Second, the export tax rebate rate of goods listed in Annex 2, such as wheat flour, corn flour, cut ducks and cut rabbits, will be raised from 5% to 13%.

3. Cancel the export tax rebate policy for the goods listed in Annex 3, such as crude oil, wood, pulp, cashmere, eel fry, rare earth metal ore, phosphate rock and natural graphite. For the goods that are subject to consumption tax, the export tax refund (exemption) policy will be cancelled accordingly.

iv. reduce the export tax rebate rate for the following goods

(1) reduce the export tax rebate rate for gasoline (commodity code 271111) and unwrought zinc (commodity code 71) to 11%:

(2) unwrought aluminum, yellow phosphorus and other phosphorus, unwrought nickel, ferroalloy, molybdenum ore and its concentrate and other goods listed in Annex 4.
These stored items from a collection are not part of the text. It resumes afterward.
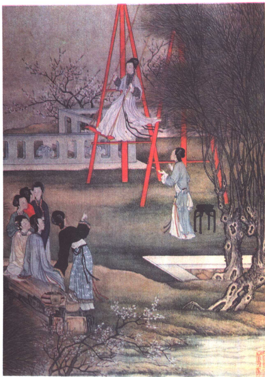
月曼清游园 [清] 陈枚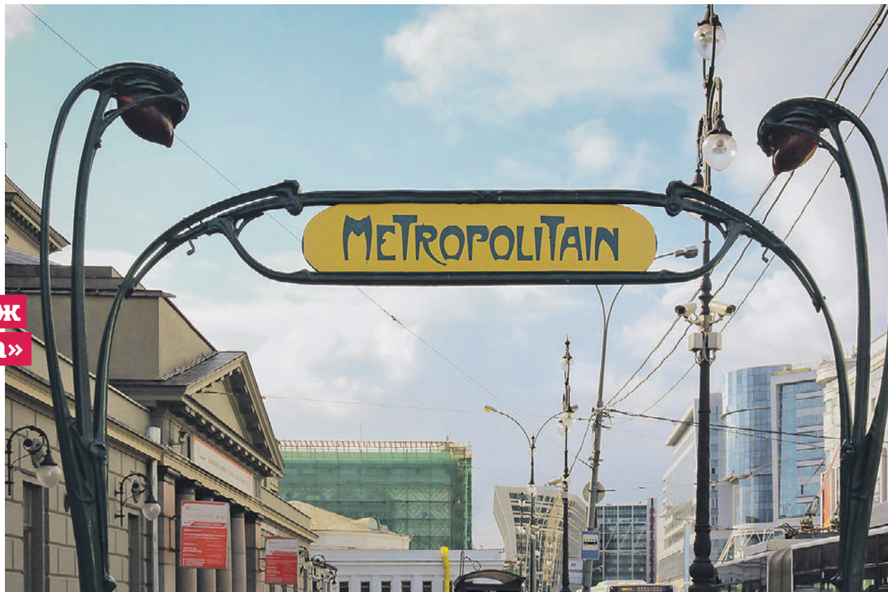
Арку, установленную в 2006 году на станции метро «Киевская», вернут после завершения благоустройства

Современный символ подземки убрали на время ремонтных работ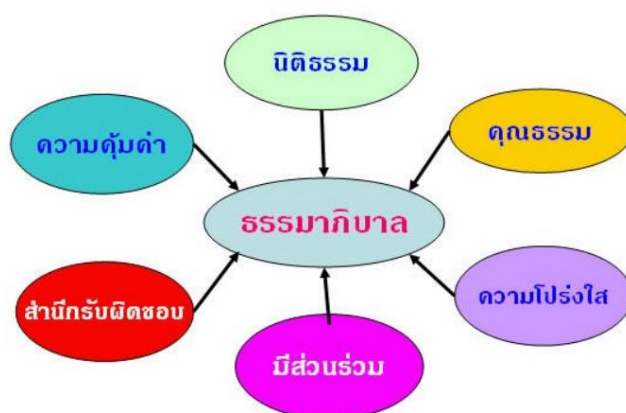
ภาพ 1 ดัชนีวัดธรรมาภิบาลบนพื้นฐานของหลักการทั้ง 6 หลักการ

ธรรมาภิบาล ประกอบไปด้วยหลักการสำคัญหลายประการ แล้วแต่วัตถุประสงค์ขององค์กรที่นำมาใช้หลักการที่มีผู้นำไปใช้เสมอคือ การมีส่วนร่วมของประชาชน การมุ่งฉันทามติ การมีสำนึกรับผิดชอบ ความโปร่งใส การตอบสนอง ประสิทธิภาพและประสิทธิภาพ ความเท่าเทียมกัน และการคำนึงถึงคนทุกกลุ่มหรือพหุภาคีและการปฏิบัติตามหลักนิติธรรม แต่ระเบียบสำนักนายกรัฐมนตรีว่าด้วยการบริหารกิจการบ้านเมืองและสังคมที่ดีนั้นได้ระบุไว้ 6 หลักการดังกล่าวมาแล้วและกลายเป็นหลักการสำคัญที่มีการนำมาใช้ในประเทศไทยอย่างกว้างขวางอยู่ในปัจจุบันนี้ แต่ก็มีคำถามว่าหลักการต่าง ๆ นี้หมายถึงอะไร แล้วจะทราบได้อย่างไรว่ามีธรรมาภิบาลแล้วหรือยัง มีมากหรือน้อย ต้องปรับปรุงอะไรอีกบ้าง คำตอบที่อาจเป็นไปได้ก็คือการจัดทำตัวชี้วัดเพื่อผู้ชี้จะได้เข้าใจและนำไปใช้ตรวจสอบตนเองและผู้อื่นหรือหน่วยงานอื่นได้หลักการต่าง ๆ ที่อธิบายการมีธรรมาภิบาลและการนำไปประยุกต์ใช้ธรรมาภิบาล อาจประกอบไปด้วยหลักการต่าง ๆ มากมายแล้วแต่ผู้ที่จะนำเรื่องของธรรมาภิบาลไปใช้ และจะให้ความสำคัญกับเรื่องใดมากกว่ากันและในบริบทของประเทศ บริบทของหน่วยงาน หลักการใดจึงจะเหมาะสมที่สุด สำหรับประเทศไทยแล้วเนื่องจากได้มีระเบียบสำนักนายกรัฐมนตรีว่าด้วยการบริหารกิจการบ้านเมืองและสังคมที่ดี และ พระราชกฤษฎีกาว่าด้วยหลักเกณฑ์และวิธีการบริหารกิจการบ้านเมืองที่ดี พ.ศ. 2546 (9 ตุลาคม 2546) ที่ให้ความสำคัญกับหลักการสำคัญ 6 หลักการดังกล่าวแล้ว ในที่นี้จึงขอนำเสนอรายละเอียดของการพัฒนาดัชนีวัดธรรมาภิบาลบนพื้นฐานของหลักการทั้ง 6 หลักการของสถาบันพระปกเกล้า (ถวิลวดี บุรีกุล, สติธร ธานีธิโชติ และประภาพร วัฒนพงษ์, 2545, หน้า 41) ดังต่อไปนี้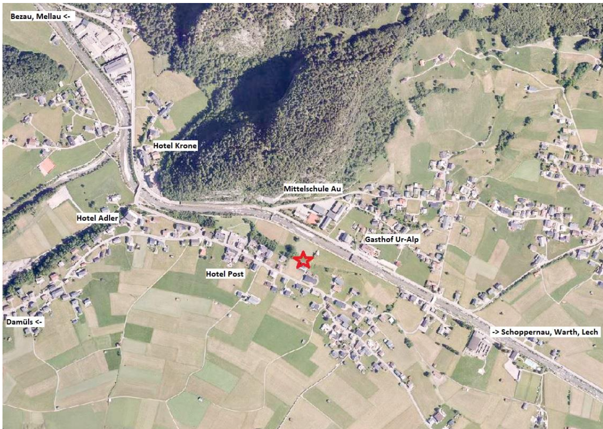
Lageplan / Anfahrt

(3) The export tax rebate rate for the goods listed in Annex 5, such as coke semi-coke, coking coal, light and heavy burned magnesium, fluorite, talc and frozen stone, shall be reduced to 5%;

(4) Except for the goods specified in Articles 1, 2 and 3, and paragraphs (1), (2) and (3) of this Article, the export tax rebate rate will be reduced to 13% for all goods with the current export tax rebate rate of 17% and 15%; Where the current tax rate and tax rebate rate are both 13%, the export tax rebate rate will be reduced to 11%.

5. The export contracts of complete sets of equipment (which refer to complete sets of equipment with an export value of more than US$ 2 million) and large-scale mechanical and electrical products (which refer to mechanical and electrical products with a single unit and a piece value of more than US$ 1 million) that have been signed by export enterprises before October 15, 23 and whose prices cannot be changed are exported after January 1, 24 according to the export date stipulated in the contracts. The original and duplicate of the export contract must be registered with the competent tax refund authority before November 15th, 23. After examination by the provincial State Taxation Bureau, the qualified export contract and relevant materials shall be reported to State Taxation Administration of The People's Republic of China before November 3th, 23 (see Annex 6 for the reporting format). After examination and approval by State Taxation Administration of The People's Republic of China in conjunction with the Ministry of Finance, the local State Taxation Bureau shall handle the tax refund according to the tax refund rate before adjustment. For complete sets of equipment and large-scale mechanical and electrical products that have not been registered before November 15, 23, the export tax rebate will be handled according to the adjusted tax rebate rate.

VI. Since January 1, 24, the export tax rebate rate stipulated in this Notice shall be applied to the goods exported by any enterprise regardless of the mode of trade.